Dr. Cruz-Pimentel is a
Dr. Mandelcorn is an associate professor of ophthalmology at the University of Toronto.
Dr. Felfeli is an ophthalmology resident at the University of Toronto.
DISCLOSURES: The authors and Dr. Felfeli have no relevant relationships to disclose.
Patients with endophthalmitis can have a poor outcome after pars plana vitrectomy, particularly when the vitreous cavity has been manipulated significantly. Minimal vitrectomy1 is recommended to prevent further complications, such as surgically induced necrotizing scleritis2,3 and scleral abscess.4
In pseudophakic eyes where the anterior chamber is filled with debris, we recommend using a minimalist two-trocar approach. This technique starts by placing two trocars in the anterior chamber. The first trocar is placed for the infusion line after the infusion that can be opened under direct visualization.
The second trocar cannula is placed in the anterior chamber through which the vitrector is placed to remove the anterior chamber plaque and to collect a first sample for culture and sensitivity (Figure A).

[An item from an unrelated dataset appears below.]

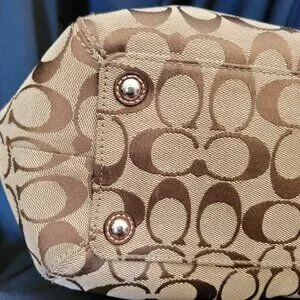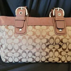 This bag is a beautiful genuine Coach Shoulder tote with a pleated signature front and leather handles with silver hardware. Feels amazing on your shoulder, with a surprising amount of room! Top zips, size expands, inner has one zip pocket and two open pockets on the other inner side. Approx 16x8x6. Handles have 10 inch drop. Please see pictures for all details! This is the perfect bag to match your favorite brown boots.

By placing the infusion in the anterior chamber, you can avoid complications from the infusion placement through the pars plana, which include infusion-induced choroidal detachments, particularly given the poor visibility in these cases.
Placing the two trocars
Once the view improves from the anterior chamber washout, two trocars are placed in the superior quadrants to start the posterior vitrectomy in order to collect a second sample from the mid-vitreous cavity.
After this, a core vitrectomy is undertaken. Once there’s a clear view of the posterior pole, the vitrectomy can be stopped (Figure B).
The posterior pole membrane peeling or peripheral vitreous shave is deliberately avoided, given the high risk of retinal tear and detachment in these cases. The infusion line can be removed from the anterior chamber trocar and then placed via the pars plana in the superior temporal quadrant trocar. A partial air-fluid exchange can be done, leaving the vitreous cavity filled with 50 percent air and 50 percent balanced salt solution. Intravitreal antibiotics are then injected in the vitreous cavity.
|The two-trocar approach. A) The first is used for the infusion line, the second to introduce the vitrector after it’s inserted into the anterior chamber to clean the debris and to collect a first sample for culture and sensitivity. B) Stop the vitrectomy when you get a clear view of the posterior pole. C) Leaving the vitreous cavity filled with 50-50 air and balanced salt solution will ensure the two superior sclerotomies close appropriately and keep the intravitreal antibiotics in the vitreous cavity away from the trocars.
Leaving the vitreous cavity filled with 50-50 air and BSS will ensure that the two superior sclerotomies close well. At the same time, it will keep the intravitreal antibiotics into the vitreous cavity away from the trocars, preventing any efflux of these medications through the sclerotomies. This step will ensure you administer the full dose and that nothing escapes through the trocars (Figure C).
The minimalist two-trocar approach can avoid complications in pseudophakic eyes with endophthalmitis, such as spreading the infection toward the sclera, causing surgically induced scleritis, scleral abscess and choroidal effusion from placing the infusion into the suprachoroidal space in cases of thick choroid. RS
1. Davis RM, Rowsey JJ, Jensen HG. An anterior limbal approach to vitrectomy for the surgical management of infectious endophthalmitis. Ophthalmic Surg. 1987;18:683-686.
2. Morley AM, Pavesio C. Surgically induced necrotising scleritis following three-port pars plana vitrectomy without scleral buckling: A series of three cases. Eye (Lond). 2008;22:162-164.
3. Madanagopalan VG, Shivananda N, Krishnan T. Surgically induced necrotizing scleritis after retinal detachment surgery masquerading as scleral abscess. GMS Ophthalmol Cases. 2019;9:Doc18.
4. Saito W, Sakaguchi T, Furudate N, Amino Y, Ohno S. Pseudomonas scleral abscess following pars plana vitrectomy. Jpn J Ophthalmol. 2006;50:564-566.